Согласно анализу ощущений, проделанному Мерло-Понти, каждый из видов ощущений — вкус, зрение, слух, обоняние — привязан к своей отличной от других структуре поведения, причем эти структуры не могут заменять друг друга, но могут взаимно глубоко проникать друг в друга. Мы смотрим на барабан и видим его громкость. Мы читаем афоризм и видим его мораль. Мы видим прочность в стальном бруске и тяжесть в огромном валуне; мы слышим огонь в «зажигательном» джазе*; мы слушаем музыку с живым ритмом и чувствуем прилив энергии. Перцептивный синтез происходит на уровне тела, а не на уровне мышления или интерпретации. Мы смотрим на мир двумя глазами и видим единую картину не потому, что образы трансформируются нейронами, не потому что мы мысленно объединяем две картины или реинтер-претируем две картины как одну, а вследствие организации человеческого тела как взаимодействующего с окружающим миром.
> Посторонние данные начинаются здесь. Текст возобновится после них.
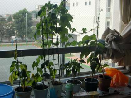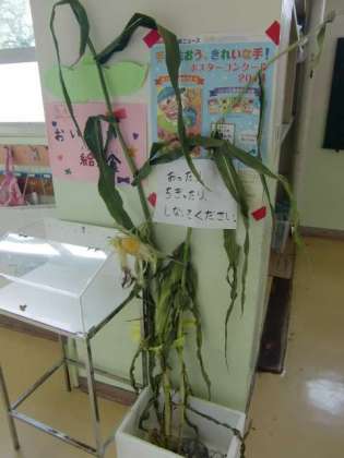 5年の教室で育てているインゲンマメと2年の廊下にある(先週ご紹介した)トウモロコシです。

Межмодальные сенсорные события (слышимый огонь в звуке джазовой трубы) предполагают участие перцептивного синтеза, подобного тому, который имеет место в случае внутримо-дальных перцептивных событий (когда мы смотрим двумя глазами и видим один предмет). Чувственное восприятие (sensing) требует участия всего тела, но в особенности — связанной с ним сенсорной модальности. Нет никакой надобности в интерпретаторе — нейронном или интеллектуальном. Вместо этого существует единство зрительной интенционалыюсти с видимым объектом. Мерло-Понти говорит о «корнях разума в теле и в мире» (1964b, p. 103), в противопо-
ложность концепции восприятия как результата механистического воздействия стимулов на органы чувств, или разума как интерпретирующего агента, помещенного внутри тела. Вероятно, высказывание по поводу цвета, приведенное ниже, также описывает ту глубокую взаимозависимость тела и его мира, которую подчеркивает Мерло-Понти: «цвета... сами по себе представляют различные модальности нашего сосуществования с миром» (1964b, p. 5).
Для понимания восприятия очень важен вопрос о перцептивных константностях. Возьмем, например, константность величины: почему взрослого человека на расстоянии мы видим не маленьким, а таким же по размеру, как и тогда, когда этот человек находится рядом? Согласно Мерло-Понти, так происходит не потому, что некое отстраненное сознание или мозг реинтерпретирует величину объекта с изменением расстояния до него. Причина в том, что в восприятии, как оно проживается нами, мы обладаем опытом восприятия взрослого человека одних и тех же размеров на разных расстояниях относительно соответствующего фона. Подобным образом Мерло-Понти (1964а) трактует и другие виды константности восприятия.